Banks are embracing the disruption to delight customers and secure revenues. Source: Shutterstock

Digital disruption is here to stay — how are Asian banks responding?

Digital has taken over and it is evident that the disruption will continue to change the trends of banking — especially in Asia.

Fintech players, for one, are becoming more dominant in the marketplace, offering critical services to the underserved and unbanked, like SMEs — market portions that traditional banks have not been able to cater to.

Lending, financial management, asset management, transaction, and investment are critical services that fintech companies have revolutionized by making them highly accessible to consumers with just a few clicks and taps.

Digitalized financial services have become strong alternatives to banking products on top of improved customer experience and higher value for money.

However, Asian banks are not sitting by and letting themselves lose relevance or appeal. Instead, they are transforming, strategizing, improving and advancing their operations from the very core to ensure that they are able to catch up with evolved demands and trends.

The changing climate of banking

In Asia, traditional banks have realized that a huge part of traditional business models can no longer drive growth that is adjacent to today’s market. Today, banks need to be more customer-centric, data-driven and automated in order to seize profitable opportunities that emerge as a result of rapid digital disruption.

Countries like Singapore, Malaysia, and Thailand have responded by initiating efforts to regulate and administer digital-only banks.

Meanwhile, South Korean banks’ leaders have extended efforts by aligning goals to be more digital, global and trustworthy. The central idea of their alliance is to foster greater technology adoption as they move forward.

Indonesian banks, on the other hand, have embraced the disruption by deploying digital services to increase financial inclusion — which the country has managed to do.
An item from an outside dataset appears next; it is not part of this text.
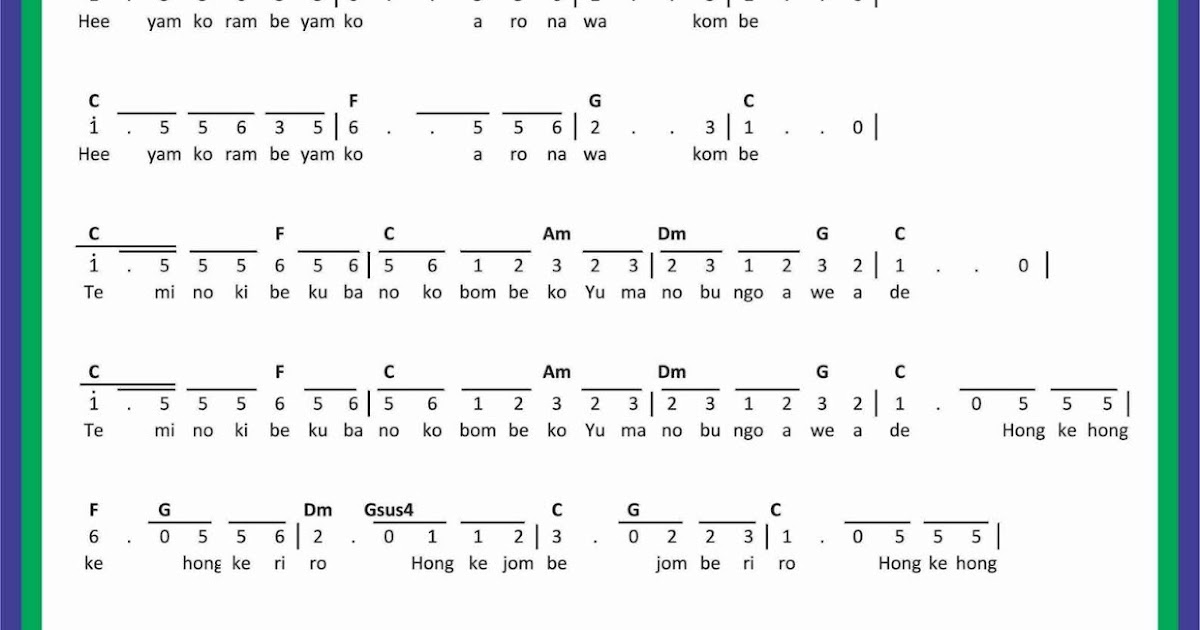 Dibawah ini saya sajikan not angkanot balok dan liriknya dalam bentuk gambar jpg jpeg dan png. Sunday july 29 2012. Lirik lagu daerah ini kami lengkapi dengan terjemahan lagu dalam bahasa indonesia sehingga dapat memudahkan kalian dalam memahami arti lagu yamko rambe yamko.

The pattern here is clear. Asian banks are improving their digital infrastructure, leveraging advanced analytics and building partnerships in order to stay relevant in the market and serve customers efficiently.

For one, banks are resorting to newer advances and technologies — especially those that can support continuous innovative efforts, development of new applications, and scale current capabilities.
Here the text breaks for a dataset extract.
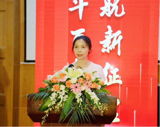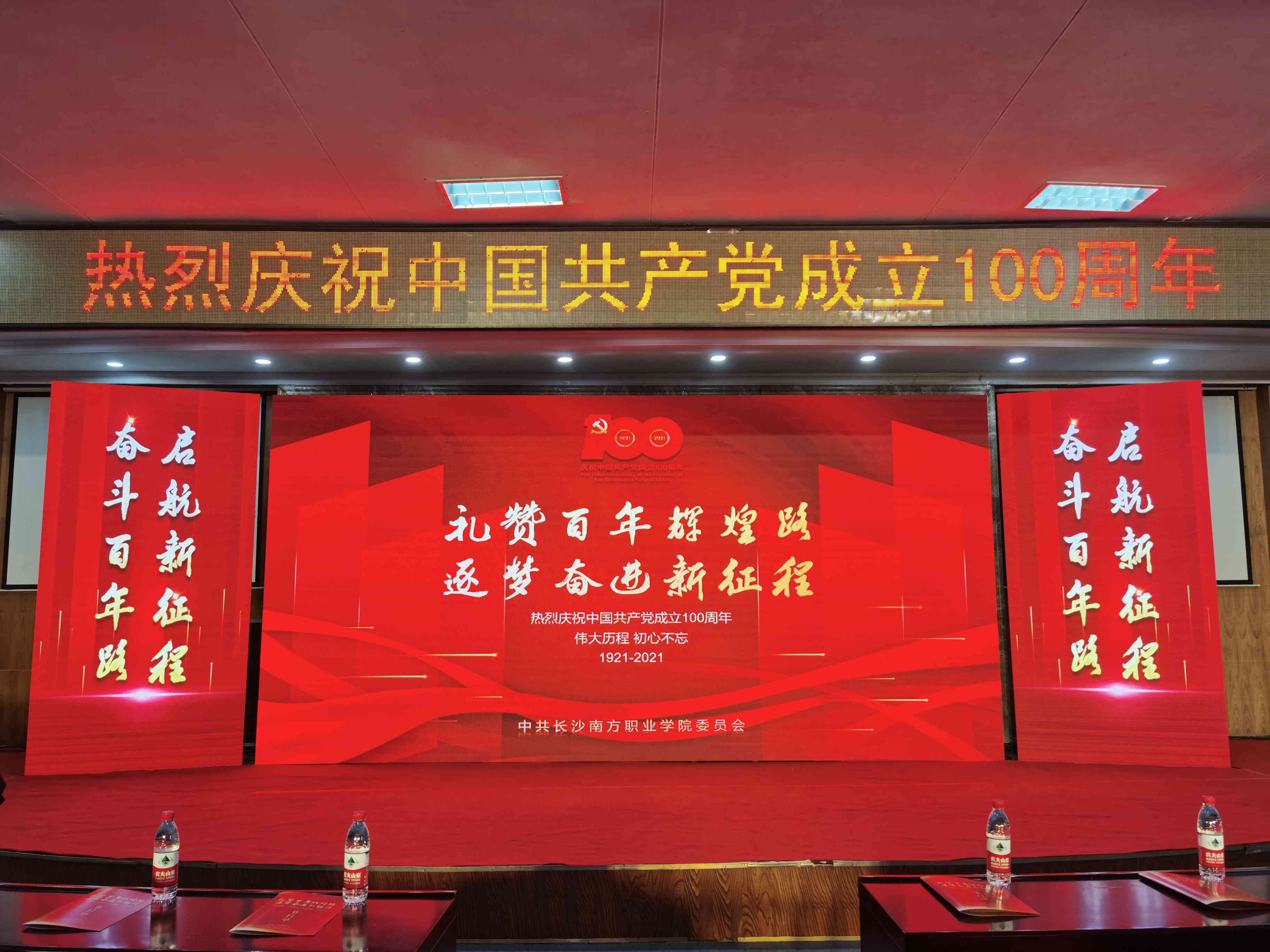 党委书记任晓晴在讲话中回顾了我们党的百年峥嵘历史和作出的伟大贡献,总结了一年来学院党建工作取得的成效:理论武装持续强化、党史学习教育成效明显、党建重点任务按期完成、党建引领推动事业发展。她强调:建设社会主义现代化强国,推进湖南“三高四新”战略和学院事业高质量发展,是每一位党员的责任;奋进新时代,立足岗位建新功是每一位党员的使命。她希望全体党员要以党史学习教育为契机,传承红色基因,赓续共产党人的精神血脉,不忘初心、牢记使命,齐心协力落实立德树人根本任务,坚持“产教整合,学培融通”发展思路,创建师生向往、家长满意、社会认可的特色品牌学校。

Legacy systems that are holding banks back and siloing platform-wide integration of applications are being traded for the cloud.

Automation tools are also becoming highly favored as banks recognize the need to discard manual workloads and reduce the burden of the workforce to accommodate the fast-pace of a digital ecosystem.
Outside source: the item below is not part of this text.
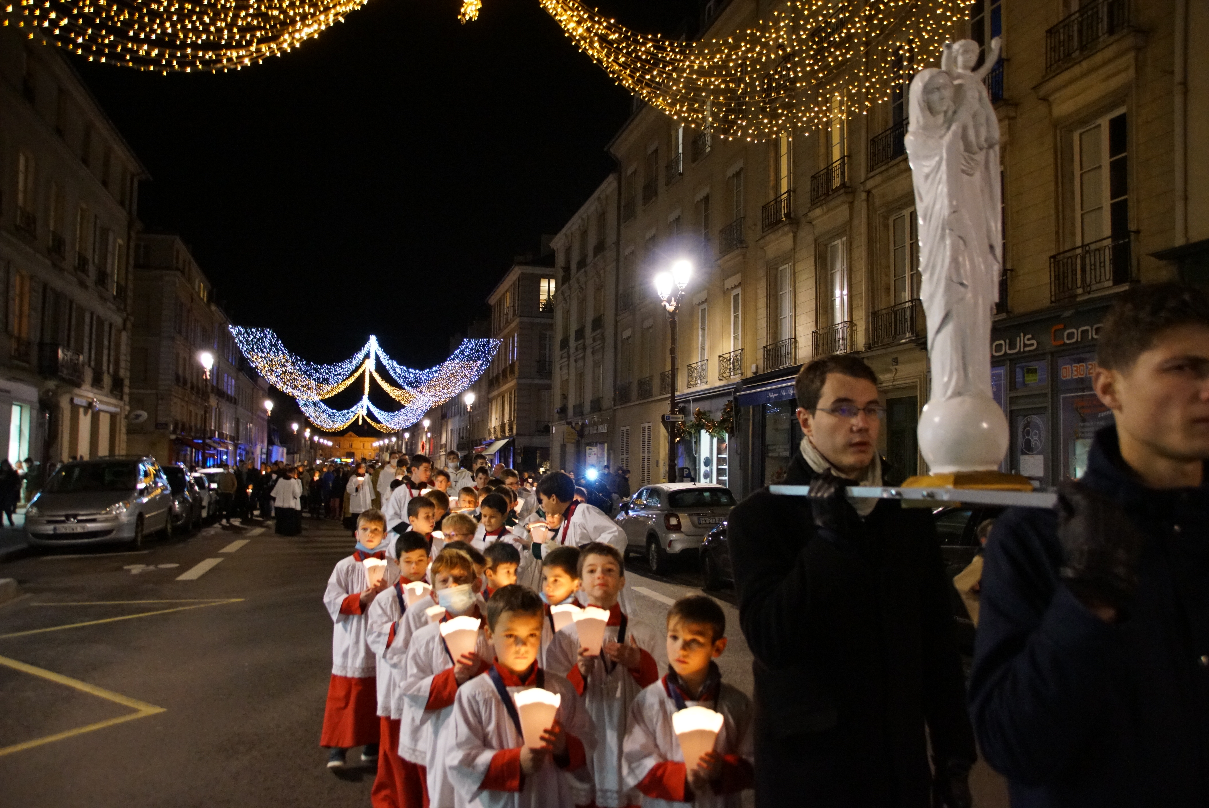 Pour honorer la Sainte Vierge Marie, en ce 8 décembre, fête de son Immaculée Conception, après les Vêpres chantées à la chapelle de l’Immaculée, la procession s’est élancée dans les rues de Versailles pour rejoindre la cathédrale Saint Louis, avec la présence de Mgr Valentin et de nombreux fidèles de paroisses de Versailles, pour une veillée de prières et une adoration du Saint Sacrement.

Asian banks are also developing greater reliance on data and analytics. They are fast becoming data-driven through the adoption of intelligent machines that generate in-depth insights to drive impactful operational actions. Customer data, transaction data, and application performance data are all being fed into artificial intelligence (AI) systems to gain a significant analysis of services that can be improved and revenues that can be maximized.

In fact, Hong Kong, in a bid to drive the adoption rate of AI in the banking sector, has released a critical report that addressed the challenges and strategies of implementing the technology successfully. Lastly, these banks are responding to the disruption by building strategic partnerships and collaboration. The central bank of Phillippines, for one, has recently allied with Indonesia to foster greater technology adoption and boost cross-border transactions.

It is safe to say that in delivering quality financial products, increasing data sharing prospects for greater insights, and expanding digital footprints, Asian banks are betting on partnerships.

Banks that are struggling in going digital are also learning that collaborating with fintech players could give them an upper hand and a boost in their journey.

The Asian banking sectors have been heavily disrupted, nevertheless. By embracing the disruption, these banks have been able to thrive in new market environments and remain relevant in the industry.

Moving forward, it is hoped that other traditional players that are stalling transformation will realize that it is a highly critical move that is achievable with the right strategies.